The Joys and Challenges of Being a Mum of Kids with Disabilities
Mother’s Day is a special day to celebrate and appreciate the amazing mothers who have devoted their lives to nurturing their children. But for some mothers, every day is Mother’s Day. They are the mothers of children with disabilities who face unique joys and challenges in their parenting journey. In this blog post, we will hear from Elise, a mother of three children, two of whom have disabilities. She will share with us how she copes with the difficulties and celebrates the successes of being a mother of children with disabilities. She will also tell us how Maple helps her and her children with their daily routine and therapy.
Hi everyone, I’m Elise, and I’m the mom of three awesome kids. Two of them have disabilities, and one of them doesn’t. My oldest boy, Tyson, is seven, and he has Erb’s palsy, autism, and a global delay. He is non-verbal, but he has a lot of personality. My middle son, Noah, is four, and he has global delay, autism, and hypotonia. He talks a little bit, but he has a lot of character. My youngest boy, Julian, is six months old, and he doesn’t have a disability.
Being a mum of kids with disabilities is a lot of fun and a lot of work. I love my kids more than anything, and I have a blast with them every day. They amaze me with their skills and their quirks. They crack me up with their antics and their affection. There are also ups and downs that come with being a mother. Sometimes it’s difficult to figure out what my kids need, especially when they have meltdowns. Sometimes I feel like I don’t know what I’m doing or how to handle things. Sometimes I get judgemental looks and comments from people who don’t understand kids with disabilities.
To deal with these challenges, I have a lot of help from my family, friends, support workers, and therapists. I access support workers through Maple. They help me with the kids’ daily routine and therapy. They also help my kids learn new skills and become more independent, and they remind me that I’m not alone.
One of the things that makes my life easier is having a structured routine for my family.
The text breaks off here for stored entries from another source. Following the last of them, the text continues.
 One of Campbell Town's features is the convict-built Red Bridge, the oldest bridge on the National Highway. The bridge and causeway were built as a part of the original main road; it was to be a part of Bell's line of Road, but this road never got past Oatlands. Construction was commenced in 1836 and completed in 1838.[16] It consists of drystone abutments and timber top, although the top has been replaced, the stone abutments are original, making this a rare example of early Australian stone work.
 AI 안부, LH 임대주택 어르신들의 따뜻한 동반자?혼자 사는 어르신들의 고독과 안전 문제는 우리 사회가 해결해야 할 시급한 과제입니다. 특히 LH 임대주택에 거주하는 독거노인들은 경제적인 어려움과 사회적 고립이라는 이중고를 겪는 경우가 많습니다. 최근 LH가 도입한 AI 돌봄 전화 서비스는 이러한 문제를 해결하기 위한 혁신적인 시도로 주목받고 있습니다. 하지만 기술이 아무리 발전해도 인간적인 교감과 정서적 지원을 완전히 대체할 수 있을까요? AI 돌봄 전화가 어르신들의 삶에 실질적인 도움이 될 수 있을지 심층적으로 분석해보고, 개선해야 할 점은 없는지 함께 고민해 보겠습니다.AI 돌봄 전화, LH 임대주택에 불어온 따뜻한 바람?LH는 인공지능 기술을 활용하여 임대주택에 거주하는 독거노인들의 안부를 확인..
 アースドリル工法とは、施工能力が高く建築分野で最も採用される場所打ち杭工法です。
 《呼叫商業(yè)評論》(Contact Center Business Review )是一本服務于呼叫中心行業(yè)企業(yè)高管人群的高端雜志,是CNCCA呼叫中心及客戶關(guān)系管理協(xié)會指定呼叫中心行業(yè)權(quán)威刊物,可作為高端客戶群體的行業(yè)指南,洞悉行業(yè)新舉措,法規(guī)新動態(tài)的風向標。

It keeps me sane and organised, and it keeps my kids calm and happy. We’re also a very loud and fun-loving family. We like to play games, watch movies, listen to music, and have dance parties.
Being a mother of kids with disabilities is not a problem or a curse. It’s an opportunity and a blessing. It’s a chance to grow as a person and as a mother. It’s a way to see the beauty and diversity of human life. Sometimes other parents wonder how I do this. But this is my normal, and I love it.
I would end this on a positive note by telling the world to be very nice and helpful to moms of kids with special needs. They face a lot of challenges and need your support and understanding. A small gesture can make a big difference in their day. They want their kids to have a great and fulfilling life, no matter what their disabilities are.